This is not the only part of his force; three other groups of infantry are in the region, one of six hundred regulars of the RACC and three thousand native levies, one of one hundred regulars and militia and two thousand levies (under Major Alexander Gordon Laing), and a third of three hundred regulars and militia and six thousand levies.
The plan is for the four groups to converge and then engage the enemy with overwhelming force.
On the night of the 20th, still without having joined forces with the other three groups, MacCarthy's force had camped by a tributary of the Pra River.
The next day, at around 2pm, they encounter a large enemy force of around ten thousand men; believing that the Ashanti army contained several disaffected groups whose chiefs are willing to defect, MacCarthy instructs the band to play the God Save the King loudly.

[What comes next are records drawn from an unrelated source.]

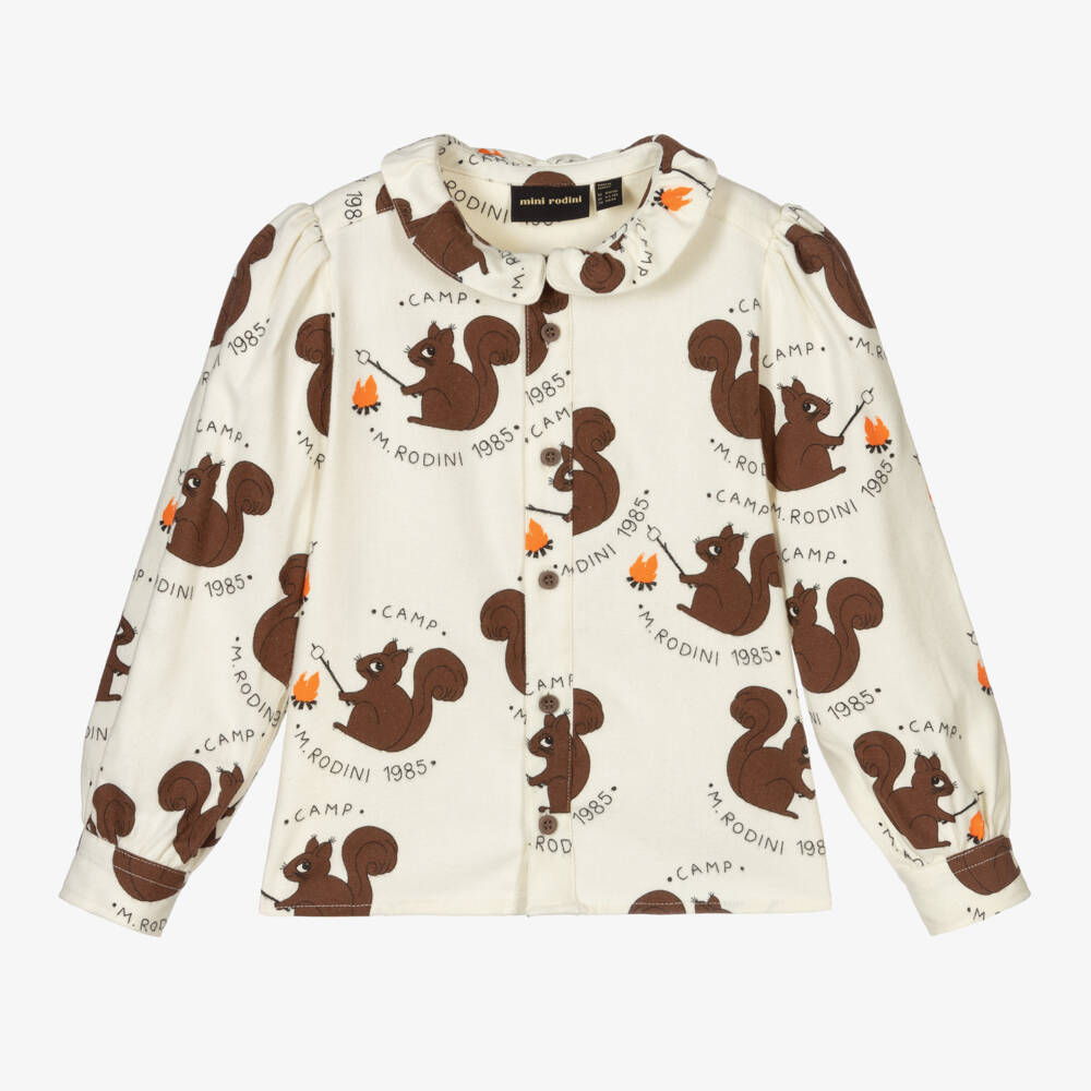 Ivory flannel shirt for girls, by Mini Rodini. Made in soft organic cotton flannel, it has a brown camping squirrel pattern with the brand's logo printed all-over, and a pretty high neck ruffle collar.
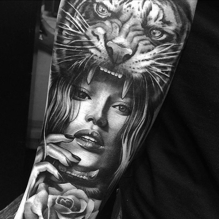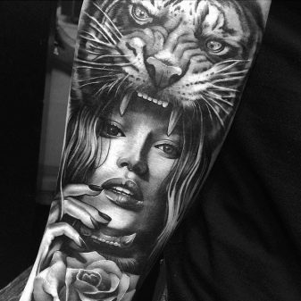 Başında bir gül ve bir kaplan olan bir kızın popüler bir görüntüsü. Canavar, karakterin zorlu karakterini belirler, gül kırılganlığı gösterir. Aslan genellikle bir saatle tasvir edilir ve bugün bir görüntüyü diğerine bindirmek, şeffaflık etkisi yaratmak modadır.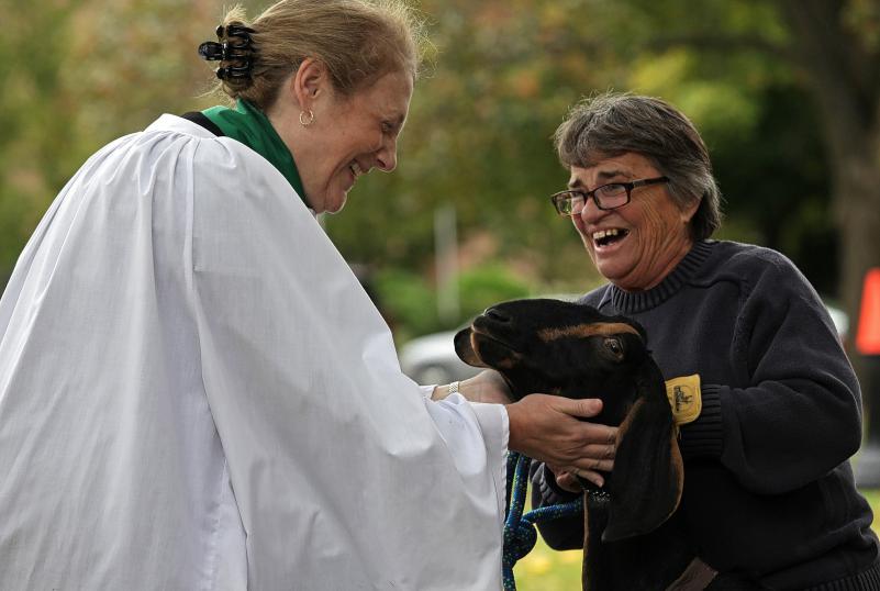 The Rev. Kate Atkinson of St. Paul’s Church blessed Moonbeam, a registered Nubian doe, as Carol Flavin of Canterbury holds her still. William Veenstra brought his goats Moonbeam and her 4-month-old Starlight to be blessed on the State House lawn on Oct. 4, 2014. (http://www.concordmonitor.com/home/13821383-95/photos-blessing-of-the-animals-held-on-the-state-house-lawn-for-the-first)

The Ashanti respond by approaching closer, beating war drums, and his beliefs are swiftly dispelled.
Fighting starts shortly thereafter; the two sides are separated by a sixty foot (eighteen meter)-wide stream, which the Ashanti attempt to cross by felling trees for bridges.
The British at first shoot the Ashanti who try to cross the exposed tree trunks.
However, the British forces are lightly supplied; the bearers bringing the supplies up in the rear, which include most of the gunpowder and ammunition, mostly flee after hearing the firing in the distance and encountering deserters straggling back.
Four cases of supplies arrive; the first is opened and the shot inside is distributed, but the other three are found to contain only macaroni.
As the British run out of ammunition, the Ashanti advance across the river.
Most of the Fante militia flee, and the British who stand and fight are overwhelmed in hand-to-hand combat.
MacCarthy, along with the ensign and his secretary, attempts to fall back; he is wounded by gunfire, however, and kills himself rather than be taken prisoner.
The Ashanti behead MacCarthy's body, then, out of respect for his courage, they cut out his heart and eat it.
MacCarthy's gold-rimmed skull will be later used as a drinking-cup by the Ashanti rulers.
Ensign Wetherell is killed while trying to defend MacCarthy's body, and Williams taken prisoner.
On his return, he will relate that he had only survived through being recognized by an Ashanti chief for whom he had done a small favor, and was spared; he will be held prisoner for several months, locked in a dwelling which he shares with the severed heads of MacCarthy and Wetherell, kept as trophies of war.